§ **Problem to work on**
The task calls for the lines below from the line with "BottleRock Music Festival" to the line with "24K Gold Under", both ends included, copied exactly, without any pictures.

§ **The data**
————————

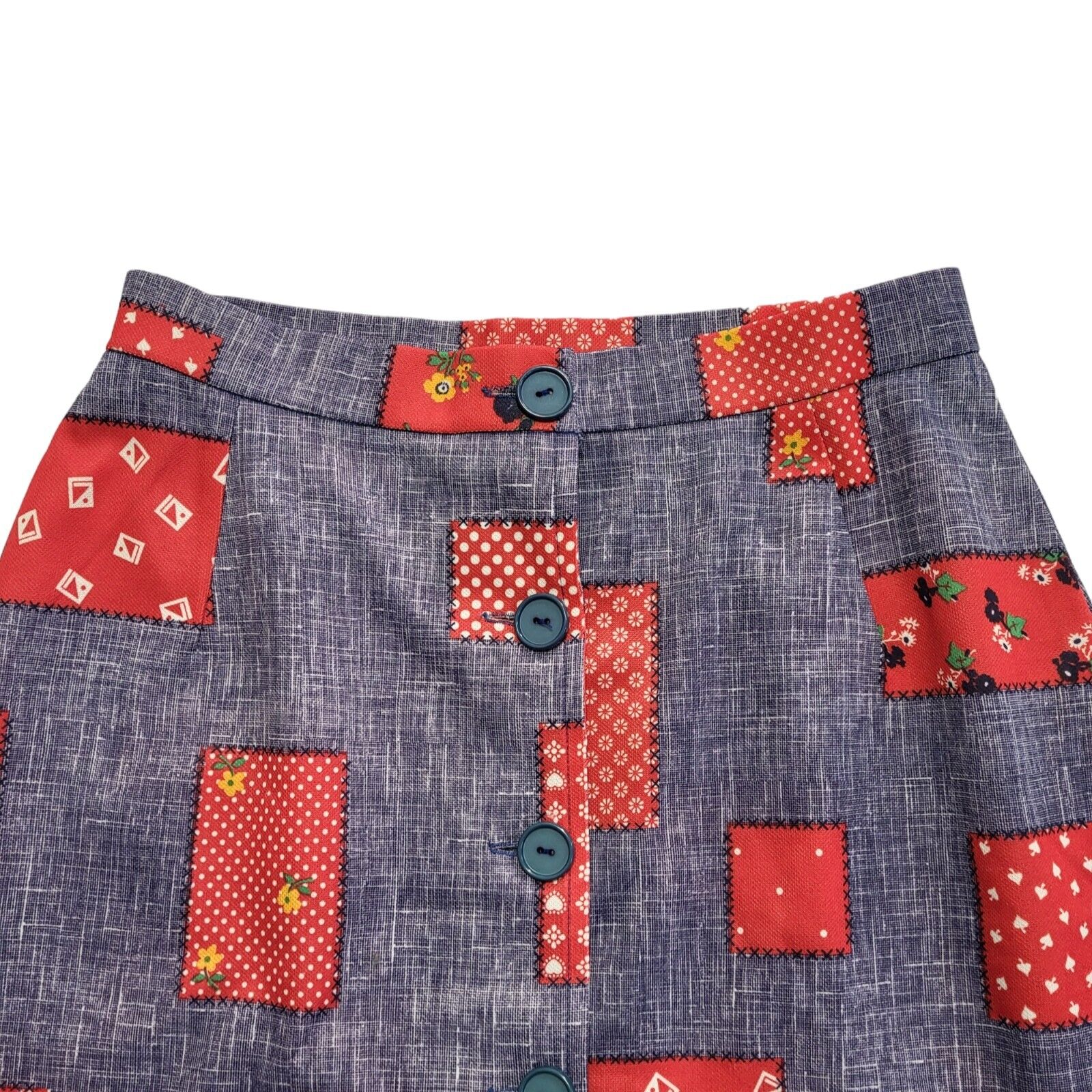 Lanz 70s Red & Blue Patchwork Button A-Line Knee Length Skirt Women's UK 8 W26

————————

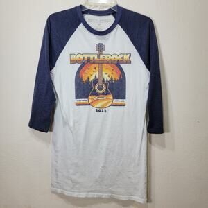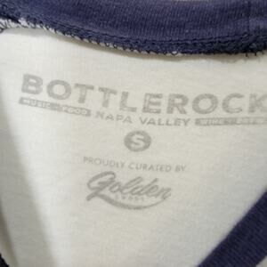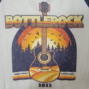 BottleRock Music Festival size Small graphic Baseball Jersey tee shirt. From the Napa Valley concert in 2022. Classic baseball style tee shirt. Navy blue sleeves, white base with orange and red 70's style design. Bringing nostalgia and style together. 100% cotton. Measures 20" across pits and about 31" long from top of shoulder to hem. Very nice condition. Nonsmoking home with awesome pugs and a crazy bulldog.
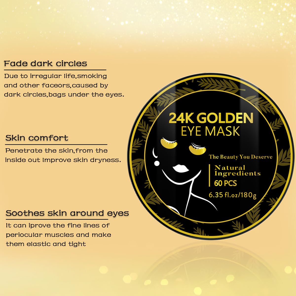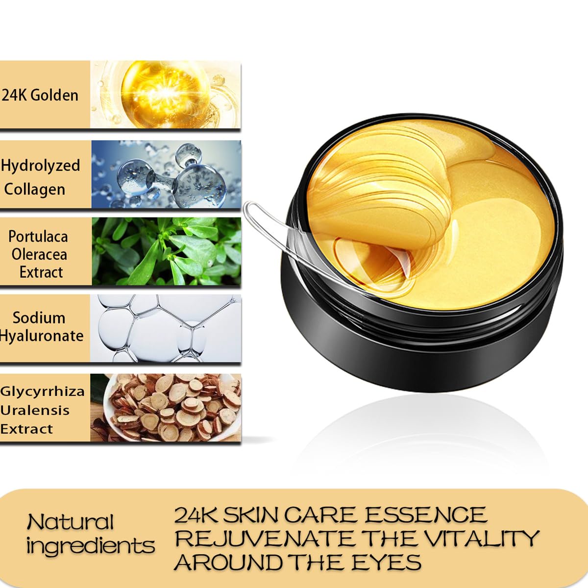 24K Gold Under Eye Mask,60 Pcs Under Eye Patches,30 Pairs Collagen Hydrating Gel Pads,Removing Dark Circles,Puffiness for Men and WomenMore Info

————————

§ **Response**
 BottleRock Music Festival size Small graphic Baseball Jersey tee shirt. From the Napa Valley concert in 2022. Classic baseball style tee shirt. Navy blue sleeves, white base with orange and red 70's style design. Bringing nostalgia and style together. 100% cotton. Measures 20" across pits and about 31" long from top of shoulder to hem. Very nice condition. Nonsmoking home with awesome pugs and a crazy bulldog.
 24K Gold Under Eye Mask,60 Pcs Under Eye Patches,30 Pairs Collagen Hydrating Gel Pads,Removing Dark Circles,Puffiness for Men and WomenMore Info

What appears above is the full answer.